:: TO DO ::
Your answer must be the records below, given again exactly, with no pictures in it.

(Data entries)

◇ ◇ ◇ ◇

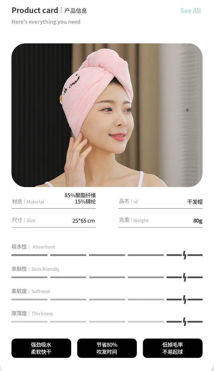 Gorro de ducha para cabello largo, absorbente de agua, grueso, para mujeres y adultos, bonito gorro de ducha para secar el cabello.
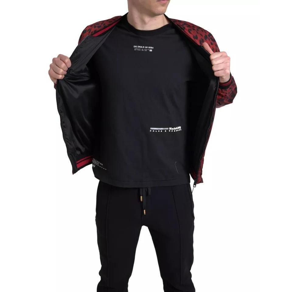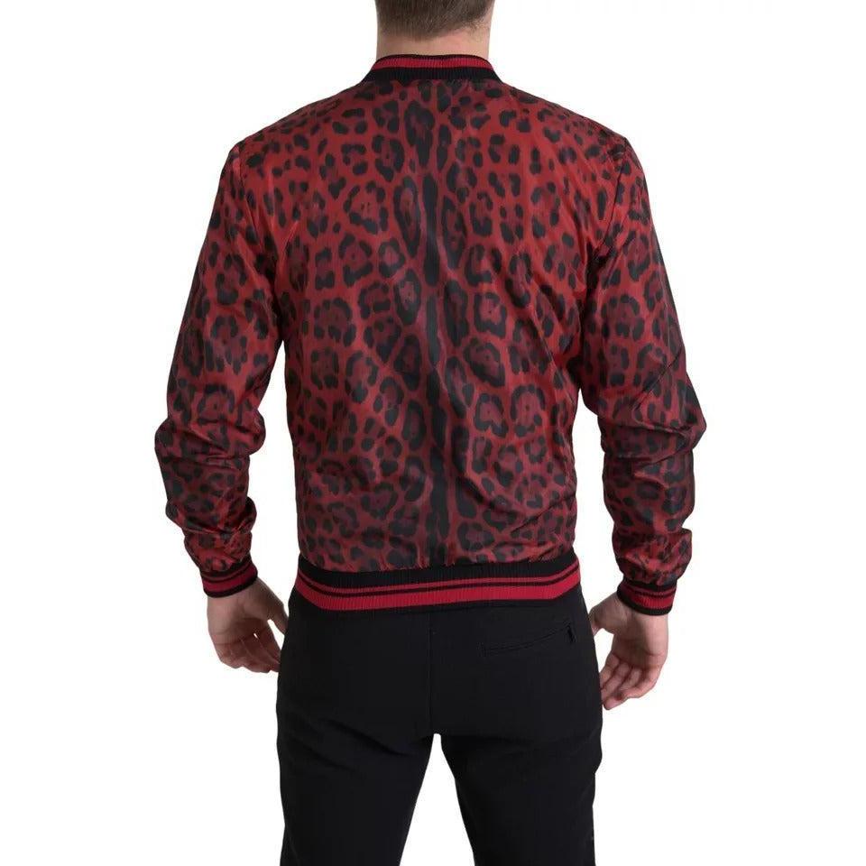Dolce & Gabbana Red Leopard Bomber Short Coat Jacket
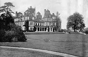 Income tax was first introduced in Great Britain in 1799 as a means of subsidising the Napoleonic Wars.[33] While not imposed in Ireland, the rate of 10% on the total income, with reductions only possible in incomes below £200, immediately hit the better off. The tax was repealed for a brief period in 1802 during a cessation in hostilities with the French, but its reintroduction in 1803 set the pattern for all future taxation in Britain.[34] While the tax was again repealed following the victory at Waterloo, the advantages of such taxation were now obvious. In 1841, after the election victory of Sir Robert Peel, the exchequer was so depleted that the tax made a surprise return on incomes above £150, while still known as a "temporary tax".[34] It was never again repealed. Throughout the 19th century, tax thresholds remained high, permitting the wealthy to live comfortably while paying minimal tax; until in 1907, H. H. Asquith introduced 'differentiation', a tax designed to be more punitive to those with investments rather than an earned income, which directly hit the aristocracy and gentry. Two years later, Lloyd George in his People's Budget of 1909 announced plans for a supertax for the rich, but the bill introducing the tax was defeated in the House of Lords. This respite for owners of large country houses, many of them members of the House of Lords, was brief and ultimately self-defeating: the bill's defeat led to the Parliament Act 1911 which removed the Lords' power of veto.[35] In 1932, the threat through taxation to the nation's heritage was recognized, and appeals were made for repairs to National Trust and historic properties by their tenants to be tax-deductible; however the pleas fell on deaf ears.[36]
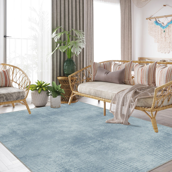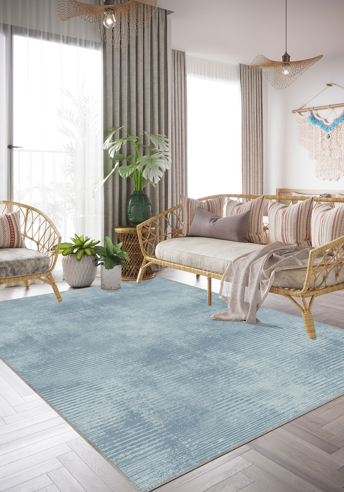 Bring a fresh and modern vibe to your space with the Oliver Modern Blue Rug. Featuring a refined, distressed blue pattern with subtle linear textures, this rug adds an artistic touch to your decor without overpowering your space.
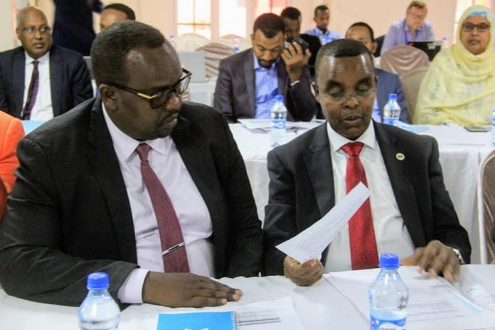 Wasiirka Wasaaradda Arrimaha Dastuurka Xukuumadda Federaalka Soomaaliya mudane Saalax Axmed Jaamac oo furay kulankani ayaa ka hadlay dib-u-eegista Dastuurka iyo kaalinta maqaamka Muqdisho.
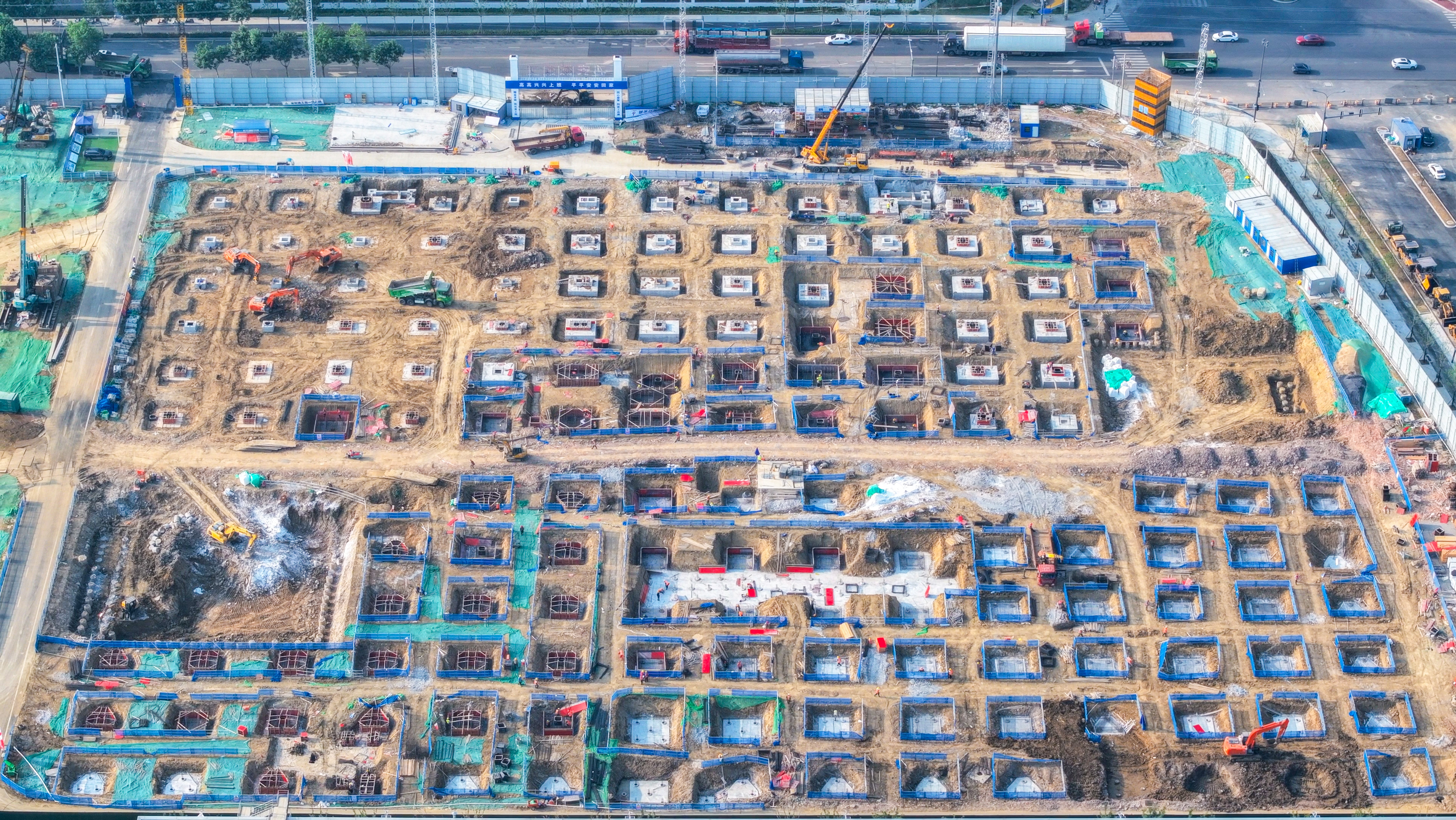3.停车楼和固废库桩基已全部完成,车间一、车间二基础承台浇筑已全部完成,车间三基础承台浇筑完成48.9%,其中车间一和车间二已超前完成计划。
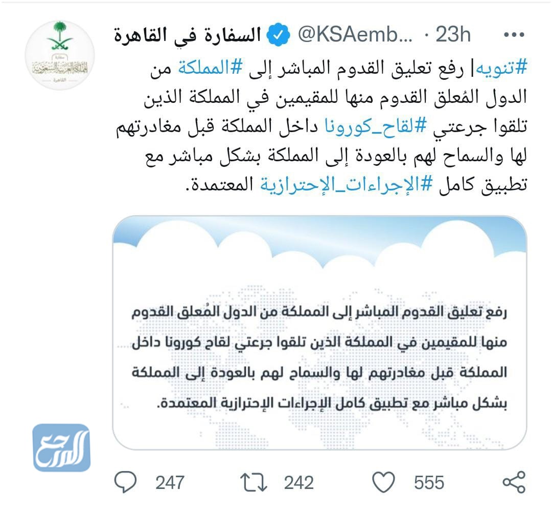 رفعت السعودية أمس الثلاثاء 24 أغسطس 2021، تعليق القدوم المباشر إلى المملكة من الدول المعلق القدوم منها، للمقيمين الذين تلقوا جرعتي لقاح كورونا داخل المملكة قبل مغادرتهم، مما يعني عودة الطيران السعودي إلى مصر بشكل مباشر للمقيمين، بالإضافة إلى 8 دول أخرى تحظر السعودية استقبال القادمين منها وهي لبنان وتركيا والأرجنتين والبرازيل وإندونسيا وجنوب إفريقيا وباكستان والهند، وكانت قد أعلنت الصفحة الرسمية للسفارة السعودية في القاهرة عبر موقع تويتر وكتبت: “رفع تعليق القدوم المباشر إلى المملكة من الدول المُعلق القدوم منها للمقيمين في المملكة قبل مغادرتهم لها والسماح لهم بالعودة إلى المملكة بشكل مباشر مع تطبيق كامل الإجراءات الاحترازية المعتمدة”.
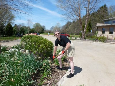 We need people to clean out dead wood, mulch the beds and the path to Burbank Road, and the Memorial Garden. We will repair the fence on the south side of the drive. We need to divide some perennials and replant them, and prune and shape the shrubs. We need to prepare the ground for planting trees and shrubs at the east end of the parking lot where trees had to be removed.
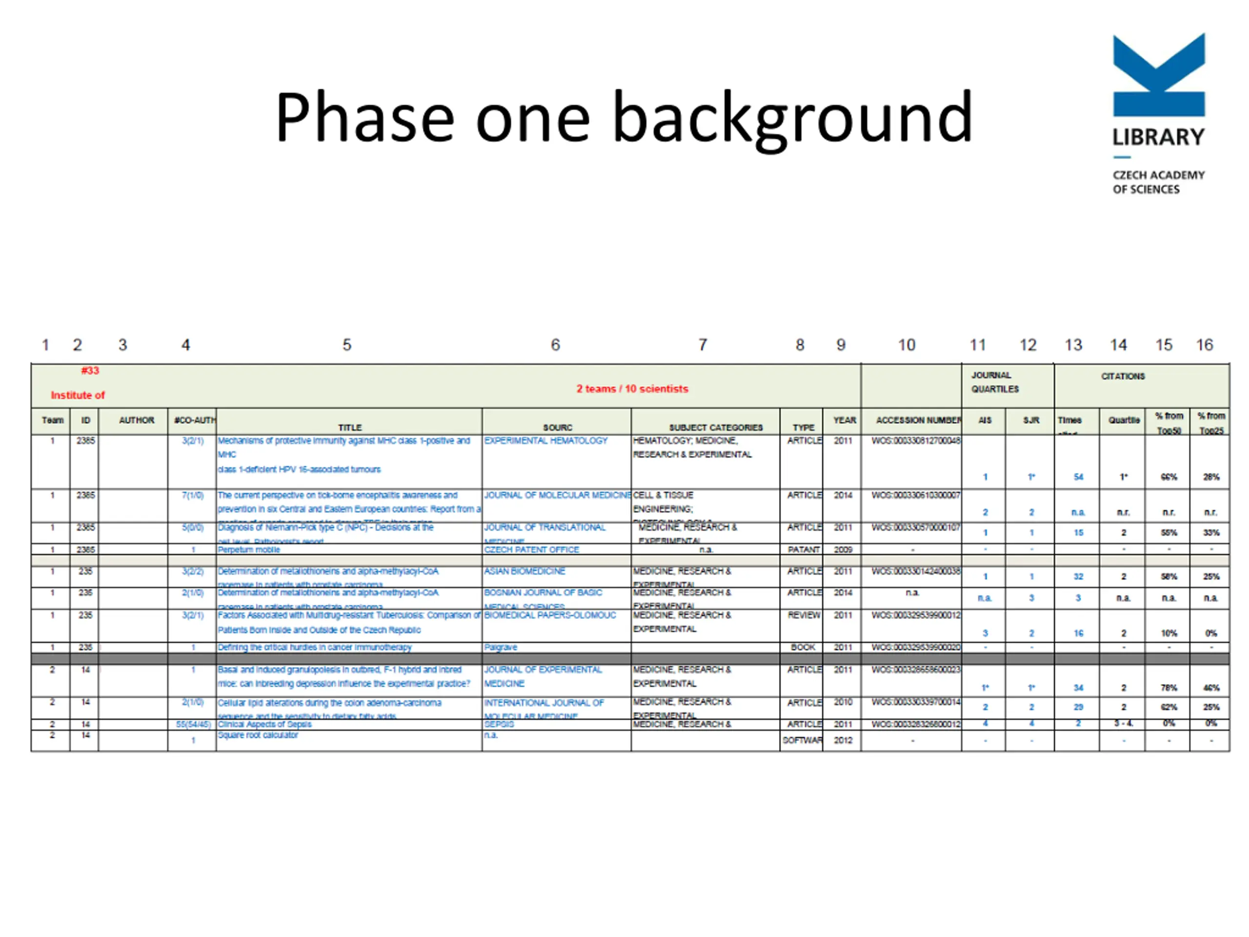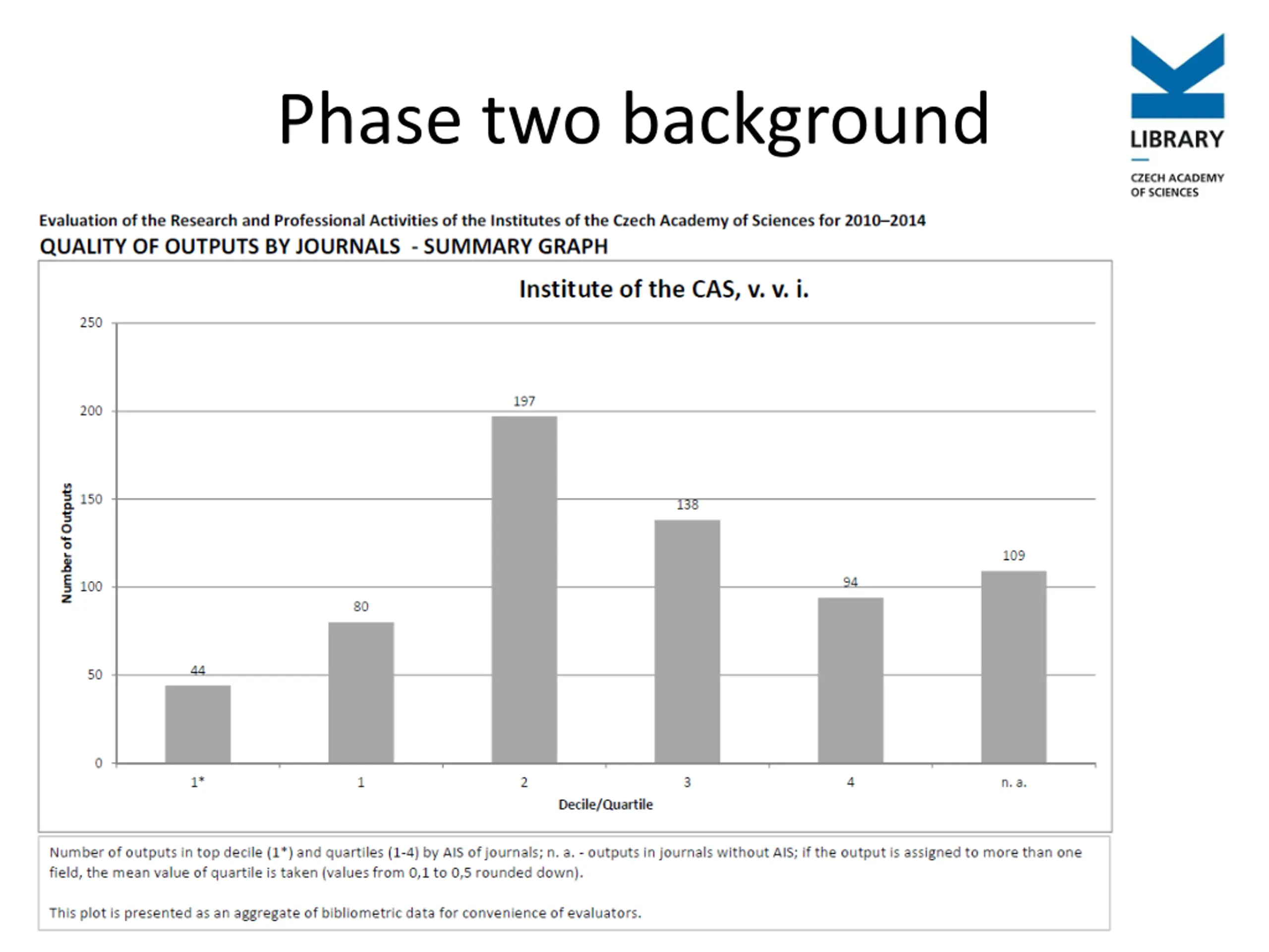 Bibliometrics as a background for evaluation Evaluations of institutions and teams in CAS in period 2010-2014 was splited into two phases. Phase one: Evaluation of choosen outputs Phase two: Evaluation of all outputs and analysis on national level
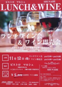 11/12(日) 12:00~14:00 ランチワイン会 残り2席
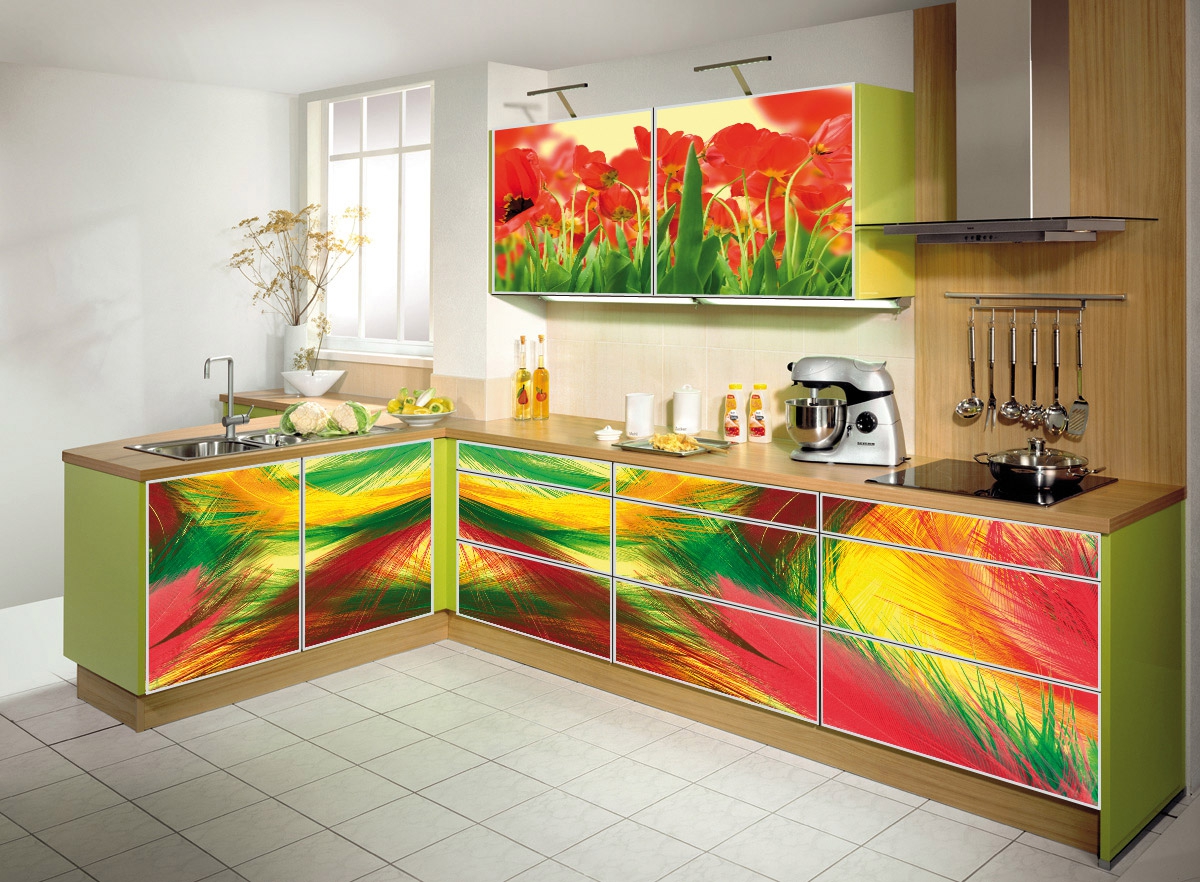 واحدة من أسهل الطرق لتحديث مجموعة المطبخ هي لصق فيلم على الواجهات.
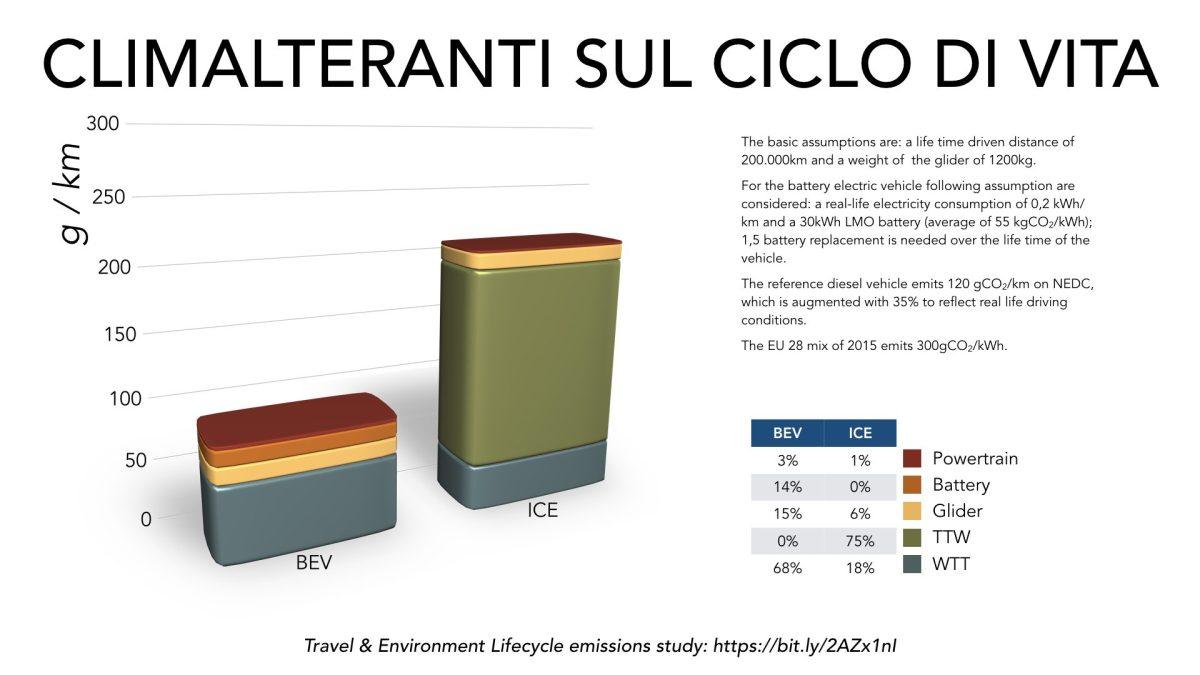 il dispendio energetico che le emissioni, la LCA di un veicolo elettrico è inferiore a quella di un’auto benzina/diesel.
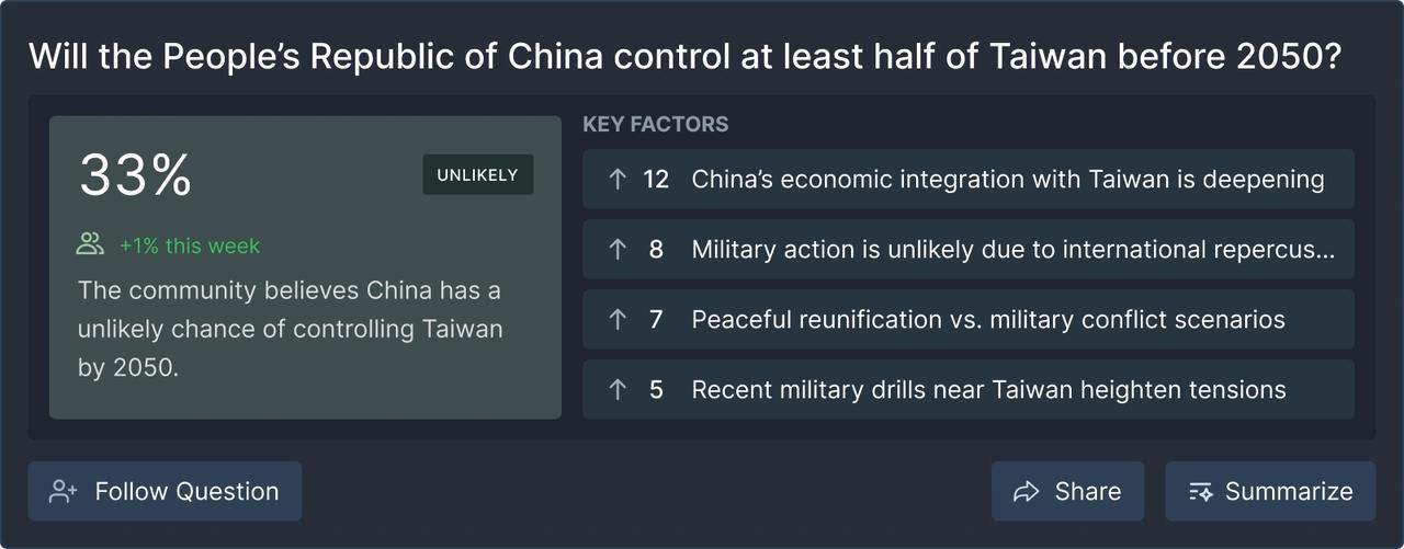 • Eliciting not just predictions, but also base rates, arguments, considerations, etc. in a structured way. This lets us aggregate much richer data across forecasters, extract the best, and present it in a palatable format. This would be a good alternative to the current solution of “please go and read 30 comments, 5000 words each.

◇ ◇ ◇ ◇

:: FINISHED EXERCISE ::
 Gorro de ducha para cabello largo, absorbente de agua, grueso, para mujeres y adultos, bonito gorro de ducha para secar el cabello.
Dolce & Gabbana Red Leopard Bomber Short Coat Jacket
 Income tax was first introduced in Great Britain in 1799 as a means of subsidising the Napoleonic Wars.[33] While not imposed in Ireland, the rate of 10% on the total income, with reductions only possible in incomes below £200, immediately hit the better off. The tax was repealed for a brief period in 1802 during a cessation in hostilities with the French, but its reintroduction in 1803 set the pattern for all future taxation in Britain.[34] While the tax was again repealed following the victory at Waterloo, the advantages of such taxation were now obvious. In 1841, after the election victory of Sir Robert Peel, the exchequer was so depleted that the tax made a surprise return on incomes above £150, while still known as a "temporary tax".[34] It was never again repealed. Throughout the 19th century, tax thresholds remained high, permitting the wealthy to live comfortably while paying minimal tax; until in 1907, H. H. Asquith introduced 'differentiation', a tax designed to be more punitive to those with investments rather than an earned income, which directly hit the aristocracy and gentry. Two years later, Lloyd George in his People's Budget of 1909 announced plans for a supertax for the rich, but the bill introducing the tax was defeated in the House of Lords. This respite for owners of large country houses, many of them members of the House of Lords, was brief and ultimately self-defeating: the bill's defeat led to the Parliament Act 1911 which removed the Lords' power of veto.[35] In 1932, the threat through taxation to the nation's heritage was recognized, and appeals were made for repairs to National Trust and historic properties by their tenants to be tax-deductible; however the pleas fell on deaf ears.[36]
 Bring a fresh and modern vibe to your space with the Oliver Modern Blue Rug. Featuring a refined, distressed blue pattern with subtle linear textures, this rug adds an artistic touch to your decor without overpowering your space.
 Wasiirka Wasaaradda Arrimaha Dastuurka Xukuumadda Federaalka Soomaaliya mudane Saalax Axmed Jaamac oo furay kulankani ayaa ka hadlay dib-u-eegista Dastuurka iyo kaalinta maqaamka Muqdisho.
3.停车楼和固废库桩基已全部完成,车间一、车间二基础承台浇筑已全部完成,车间三基础承台浇筑完成48.9%,其中车间一和车间二已超前完成计划。
 رفعت السعودية أمس الثلاثاء 24 أغسطس 2021، تعليق القدوم المباشر إلى المملكة من الدول المعلق القدوم منها، للمقيمين الذين تلقوا جرعتي لقاح كورونا داخل المملكة قبل مغادرتهم، مما يعني عودة الطيران السعودي إلى مصر بشكل مباشر للمقيمين، بالإضافة إلى 8 دول أخرى تحظر السعودية استقبال القادمين منها وهي لبنان وتركيا والأرجنتين والبرازيل وإندونسيا وجنوب إفريقيا وباكستان والهند، وكانت قد أعلنت الصفحة الرسمية للسفارة السعودية في القاهرة عبر موقع تويتر وكتبت: “رفع تعليق القدوم المباشر إلى المملكة من الدول المُعلق القدوم منها للمقيمين في المملكة قبل مغادرتهم لها والسماح لهم بالعودة إلى المملكة بشكل مباشر مع تطبيق كامل الإجراءات الاحترازية المعتمدة”.
 We need people to clean out dead wood, mulch the beds and the path to Burbank Road, and the Memorial Garden. We will repair the fence on the south side of the drive. We need to divide some perennials and replant them, and prune and shape the shrubs. We need to prepare the ground for planting trees and shrubs at the east end of the parking lot where trees had to be removed.
 Bibliometrics as a background for evaluation Evaluations of institutions and teams in CAS in period 2010-2014 was splited into two phases. Phase one: Evaluation of choosen outputs Phase two: Evaluation of all outputs and analysis on national level
 11/12(日) 12:00~14:00 ランチワイン会 残り2席
 واحدة من أسهل الطرق لتحديث مجموعة المطبخ هي لصق فيلم على الواجهات.
 il dispendio energetico che le emissioni, la LCA di un veicolo elettrico è inferiore a quella di un’auto benzina/diesel.
 • Eliciting not just predictions, but also base rates, arguments, considerations, etc. in a structured way. This lets us aggregate much richer data across forecasters, extract the best, and present it in a palatable format. This would be a good alternative to the current solution of “please go and read 30 comments, 5000 words each.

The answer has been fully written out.